WHAT TO PRODUCE
Copy the records below exactly, starting at the line that contains "032321玫瑰花貼布牛仔短褲(兩色)" and ending at the line that contains "contra o Vasco."; leave out any pictures.

MATERIAL FOR THIS EXERCISE
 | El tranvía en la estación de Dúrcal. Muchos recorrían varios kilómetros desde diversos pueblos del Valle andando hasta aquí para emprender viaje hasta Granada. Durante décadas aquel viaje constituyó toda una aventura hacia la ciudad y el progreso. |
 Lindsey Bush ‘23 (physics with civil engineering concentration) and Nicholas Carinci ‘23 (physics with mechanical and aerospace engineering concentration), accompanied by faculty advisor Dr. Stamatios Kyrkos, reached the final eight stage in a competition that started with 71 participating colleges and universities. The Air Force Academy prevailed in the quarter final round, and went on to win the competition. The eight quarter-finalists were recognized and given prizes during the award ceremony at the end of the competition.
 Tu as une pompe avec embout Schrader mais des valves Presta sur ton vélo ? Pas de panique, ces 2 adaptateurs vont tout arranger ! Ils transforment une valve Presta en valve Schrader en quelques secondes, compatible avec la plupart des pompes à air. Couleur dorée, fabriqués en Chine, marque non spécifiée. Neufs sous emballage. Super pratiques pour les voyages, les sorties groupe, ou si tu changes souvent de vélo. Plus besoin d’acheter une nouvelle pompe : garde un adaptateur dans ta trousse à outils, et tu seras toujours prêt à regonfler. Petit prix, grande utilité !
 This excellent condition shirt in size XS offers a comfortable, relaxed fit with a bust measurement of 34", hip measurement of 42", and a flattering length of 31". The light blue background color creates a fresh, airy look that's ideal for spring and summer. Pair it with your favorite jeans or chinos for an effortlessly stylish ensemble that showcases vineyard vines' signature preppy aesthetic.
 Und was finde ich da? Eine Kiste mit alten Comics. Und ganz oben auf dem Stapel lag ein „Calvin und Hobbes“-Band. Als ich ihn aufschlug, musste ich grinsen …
==
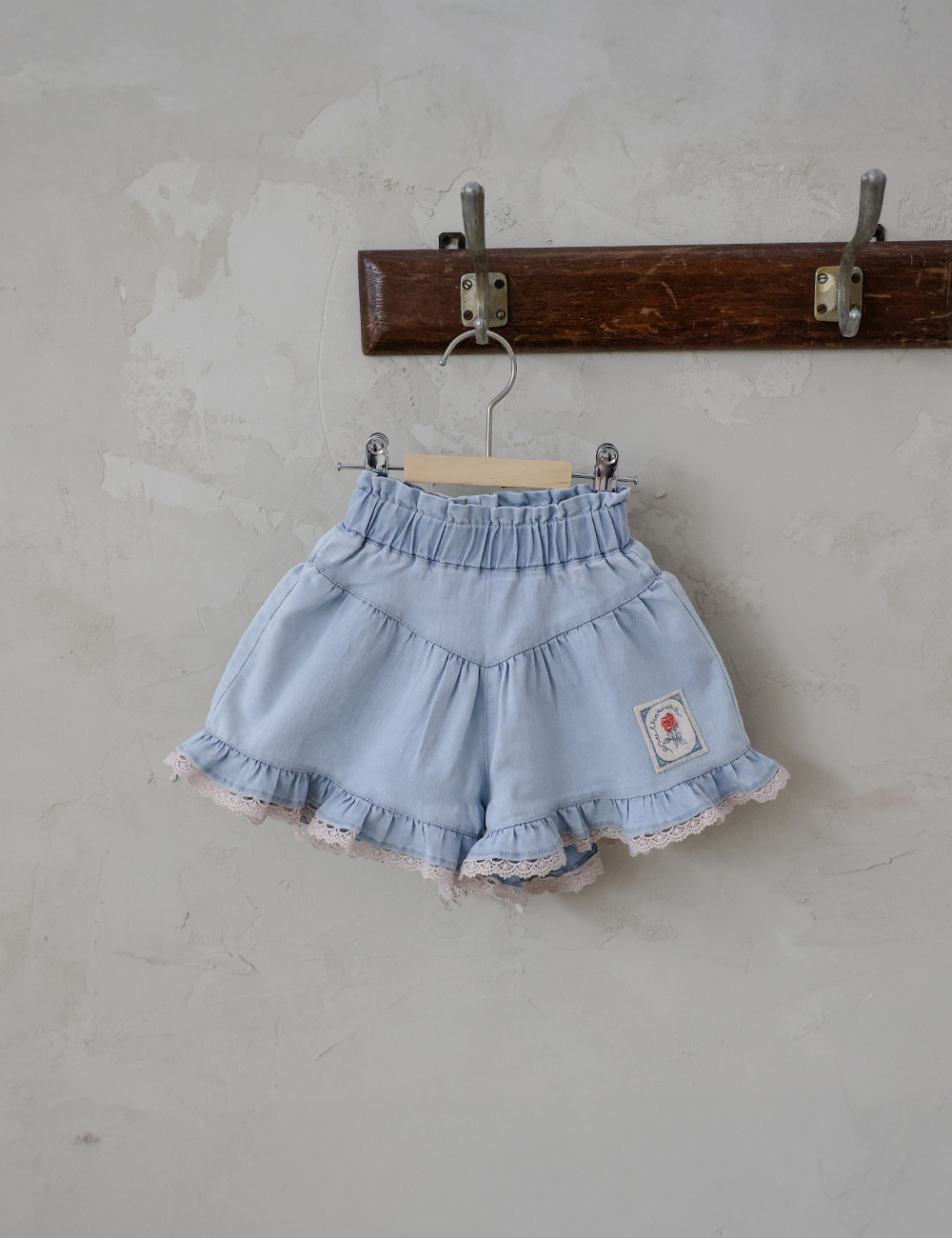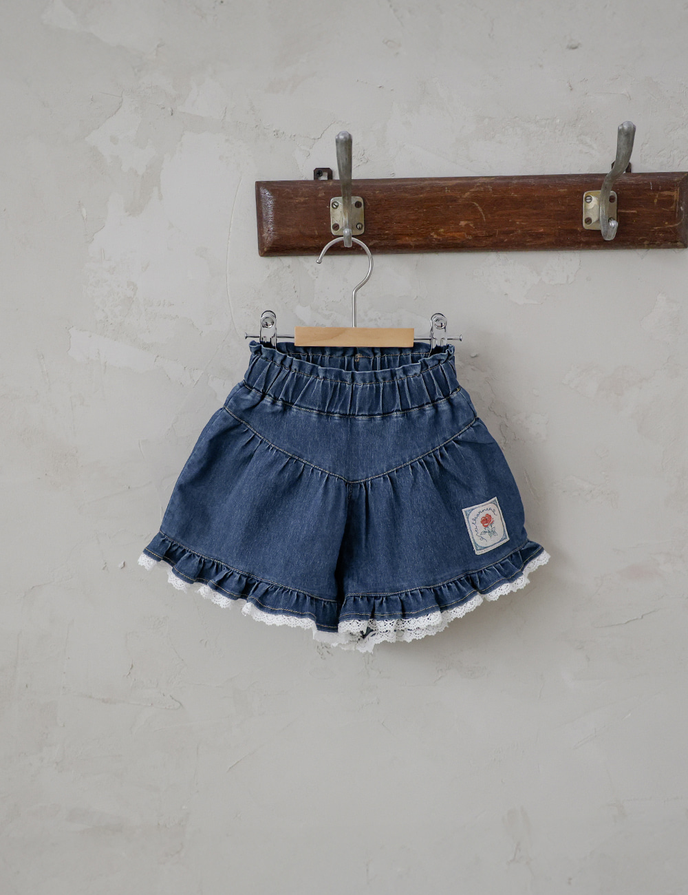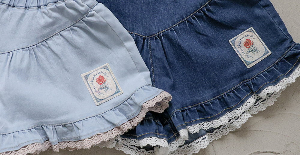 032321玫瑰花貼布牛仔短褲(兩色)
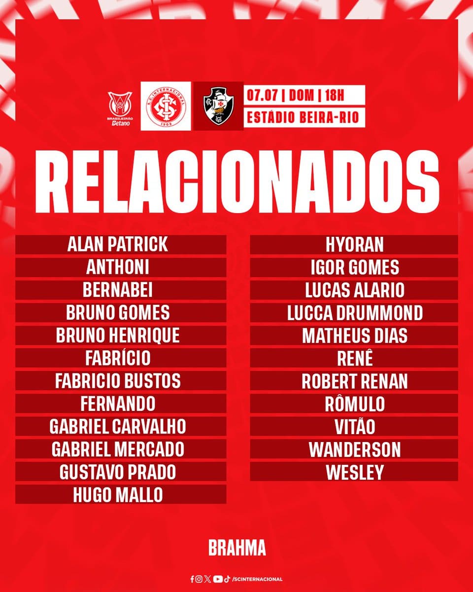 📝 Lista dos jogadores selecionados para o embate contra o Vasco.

EXERCISE SOLUTION
 032321玫瑰花貼布牛仔短褲(兩色)
 📝 Lista dos jogadores selecionados para o embate contra o Vasco.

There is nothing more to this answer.